Kandar’a göre Özal, Türkiye ile Iraklı Kürtler arasındaki yakınlaşmanın “Kürt sorununu Türkiye için çözmeye elverişli” ve “Türkiye için Kürt ülkesindeki PKK liderliğindeki isyanı etkileyen bir paradigma değişikliği” olacağına inanıyor. Güneydoğu çoğunluk.
“O nedir [former Turkish President Turgut Ozal] Irak’ın parçalanması durumunda, ülkenin kuzeyindeki boşluğu Türkiye’den başka kimsenin doldurmasına izin vermemeyi aklından geçirdi.”
“Sınırı daha az önemli hale getirmek de aklındaydı” dedi. “Sınır ötesindeki Kürtlerin kardeşliğini biliyordu ve insanların, malların ve fikirlerin serbest dolaşımına şiddetle inanıyordu. Serbest piyasanın her şeklini savunan bir adamdı.”
Hem Candar hem de Tzkur, Amerikalıların Türkiye’nin Irak Kürdistanı’nı ilhak etmesini destekleyeceklerinden ciddi şekilde şüphe duyuyorlar. Barzani anılarında Talabani ile birlikte Amerikalılara teklif konusundaki tutumlarını sorduklarından bahseder. Amerikalılar daha sonra cevap vereceklerini söylediler ama cevap vermediler ve Kürt liderler bir daha asla sormadılar.
Kandar, “Amerikalıların toprak sınırlarını yeniden çizmekle ilgilendiklerini sanmıyorum” dedi. O dönemde Arap-Amerikan müttefiklerinin bu olasılığa karşı çok hassas olduklarını, üstelik bunun sınırların İsrail aleyhine yeniden çizilmesi anlamına geleceğini de sözlerine ekledi.
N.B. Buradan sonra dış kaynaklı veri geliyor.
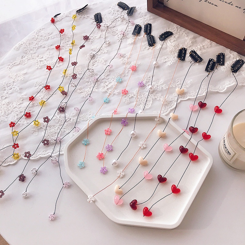Chi tiết sản phẩm: Chất liệu: Sợi Màu sắc: như hình ảnh Chiều dài: tùy loại từ 25cm - 40cm Đặc điểm: Cài sợi dây đính Hoa hoặc trái tim Gói hàng bao gồm: 1 cài sợi dây - Màu sắc & Đặc điểm: Có 8màu cho bạn lựa chọn, những màu tươi sáng này giúp bạn trông tự tin và xinh đẹp hơn. kiểu dáng thời trang và vẻ ngoài đẹp mắt sẽ mang đến cho bạn một bộ tóc tự nhiên đẹp nhất. - Dành cho mọi dịp: Tóc giả dài gợn sóng này phù hợp cho mọi dịp. Sản phẩm không chỉ mang đến cho bạn cảm giác thoải mái khi sử dụng mà còn khiến bạn trở nên quyến rũ hơn. Hoàn hảo cho trang phục hàng ngày, dự tiệc, đám cưới, hóa trang, v. v.
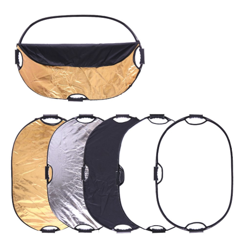 Fényképészeti reflektor, derítőlap, 5 az 1-ben derítő - 90x120 cm fogyantyúval Eliptikus alakú, ovális fotós derítőlap, amely egyszerre szolgálhat a fény irányításában fontos eszközként akár portré vagy tárgyfotózásban és videómunka során, akár egységes h

Filistin meselesi hâlâ bölgedeki en heyecan verici meseleydi.”
Tescor da benzer şekilde “ABD’nin veya başka bir ülkenin Irak’ın bölünmesini ve Kürt topraklarının Türkiye’ye ilhak edilmesini destekleyeceğine inanmanın gerçekçi olmayacağını” kaydetti.
“Bu, Birinci Dünya Savaşı’ndan bu yana Ortadoğu’daki en büyük jeopolitik değişim olabilirdi” dedi.
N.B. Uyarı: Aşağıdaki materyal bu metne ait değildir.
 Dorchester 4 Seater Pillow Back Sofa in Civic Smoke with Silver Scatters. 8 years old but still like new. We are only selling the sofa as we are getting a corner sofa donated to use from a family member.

Aynı zamanda, iki Kürt lider Türkiye’yi özellikle 1990’ların başında Saddam’a karşı dengeleyici bir güç olarak görüyorlardı.”
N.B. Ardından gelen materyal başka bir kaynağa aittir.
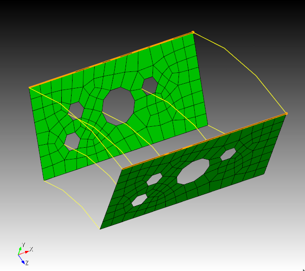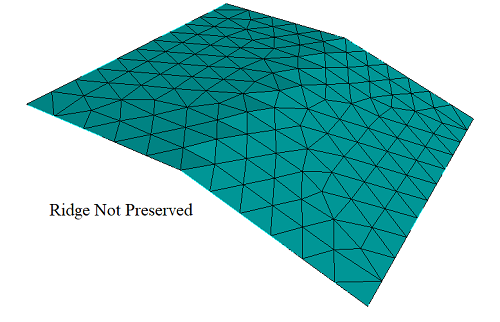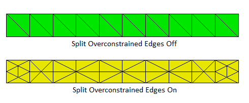 The global split overconstrained edges, if set to on, splits edges owned by the surface, but with both nodes on curves. This feature can help when two elements through the thickness of the mesh is desired. Figure 358 shows the effect of this option.
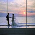 オーシャンビュー会場ならでは「サンセット挙式」が叶う!トワイライトの時間帯で移り行く景色を眺めながらの披露宴は「ナイトディナー」のようなロマンティックな雰囲気に。本プラン限定のお得な特典も◎
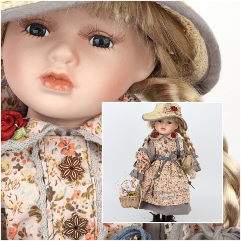 Porcelánová bábika Jasmína 40cm má krásne blonďavé copy, kvetované vidiecke šaty, slamený klbouk a v košíčka kvetiny z lúky.

Bu nedenle, uluslararası sınırın güneyindeki dağlık bölge olan Behdinan’da Türk askeri varlığından ve PKK’ya yönelik saldırılardan memnun kaldılar.
Musul’u Türkiye’nin bir parçası yapma fikri, son 30 yıldır Türk siyasetinde değişmez bir konu olmuştur.”
Ayrıca, diğer Türk yetkililer, 1991’den beri Türkiye’nin Musul ve Kerkük’ü içerdiğini öne sürdüler.
Tezkorci, “Musul’u Türkiye’nin bir parçası yapma fikri, son 30 yıldır Türk siyasetinde tutarlı bir tema olmuştur” dedi. “Türkiye, 1924’te kurulan Brüksel Hattı’nın kalıcı sınır haline geldiği 1926 Ankara Antlaşması’na kadar Musul eyaleti üzerinde hak iddia ediyordu.”
Erbil ve Kerkük’teki büyük Türkmen azınlığı da bazı Türk politikacıları bu şehirlerin Türkiye’ye ilhak edilmesi çağrısında bulunmaya sevk etti.
Ancak Tezkor, bu tür bir çağrıyı bu politikacılar adına “aldatma ve yaygara” olarak nitelendirdi.
Dünya siyasetinde köklü bir değişiklik olana kadar Türkiye’nin Irak Kürdistanı’nı kontrol etme niyeti ve yeteneği yoktur.
Paul Edon, Erbil, Irak Kürdistanı’nda yaşayan serbest gazeteci ve Ortadoğu meseleleri üzerine yazıyor.